And the kinds of patients he attracted in the HIV epidemic were similar patients. They tended to be well educated, well moneyed, empowered. Now, they happened to be gay men, but they could have easily been matrons from a fancy neighborhood. So it would have been, in my mind, unthinkable for Marcus to pick up things and move to General. I think that would have been saying--


Hughes

Donald started at UCSF and moved over to San Francisco General. Volberding was always at San Francisco General, in terms of his position as head of the Division of Oncology, although--


Lewis

He had done his residency at UC, hadn't he?


Hughes

Not his residency, but a fellowship. Why were they willing to work at a county hospital?


Lewis

Well, think about it a little. Paul was young. He was new at his practice. He wasn't established. He didn't have well-known credentials, where Marc had national connections in the dermatology field. The General is a kind of high-power, high-energy place that young physicians often enjoy. They feel altruistic. You give a lot of yourself; you put in incredible hours. His wife, Molly [Cooke], was over there.

When I was a young nurse, I wanted to be in a big hospital. I wanted to be in a county hospital. I wanted to give to people. As you mature and as your practice grows, your focus changes. Marc had already gone through that early time in his life, and would, I think, have had no interest in going to General. Now, I don't know any of that to be a fact. It's just my assumption. I can see that it would be very exciting for Paul. He was a young physician. He got the opportunity to be head of oncology for a county hospital in one of the major metropolitan areas in the United States. It was very prestigious, I would assume, to have that position. And then all that evolved afterwards, of course, far exceeded his expectation. I've heard him and Molly talk about that at different times. They had no idea what life was going to hold for them.



160

Potential Career Risks

Hughes

Did the physicians involved with the epidemic in the early years feel that they were taking a risk in terms of their own careers? It could have been for many reasons. First, it was a stigmatized disease--


Lewis

That's it. That's the major thing. When you had a physician come speak, there would be some mention within the first three minutes of his wife and children.


Hughes

"I'm not one of them."


Lewis

Exactly. They did a great deal of distancing of themselves. It would be worked in very casually--


Hughes

But the point was there.


Lewis

Yes. So I think that piece they saw as potentially damaging.
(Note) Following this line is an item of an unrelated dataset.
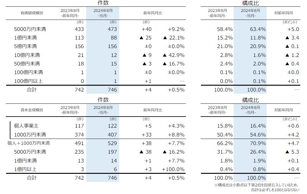 資本金規模別にみると、『個人+1000万円未満』の倒産が529件(前年同月491件、7.7%増)となり、全体の70.9%を占めた。

I think they felt they were taking a certain risk with their careers. There were only a few where it could have had that impact: Paul and Donald and Connie are the three that come to my mind within the UC or the General family. But I never heard them really articulate that fear. I think they all felt that the work they were doing was really important and needed to be done, and I didn't get a sense of their holding back or of being concerned about their careers. They were young, and young physicians have to look at their careers, particularly if they're academics.


Staff Commitment

Hughes

Did they have a sense of idealism: they were in this because it was an important humane thing to do?


Lewis

Yes. I think they all did. I always had a very positive feeling for the physicians and for the work that they did. I just finished working on Ward 86 for four years; I left in January [1995]. I was constantly in awe of not just physicians but the care providers, the nurses, the people who were at the reception desk--everybody, I felt, was really there for the right reasons and gave a lot. And it is getting harder, in this day and age, as more and more patients are substance users and have very difficult histories that made them less amenable.


161

In the early days, people who were the patients, '81 to '84, for the most part looked a lot like the care providers, and had the same life history. So there was a sense of connectedness, even though Paul was straight and they were gay. That's not true these days. I have great respect and regard for all the providers there. I think particularly Paul and Don and Connie just were incredible over the years.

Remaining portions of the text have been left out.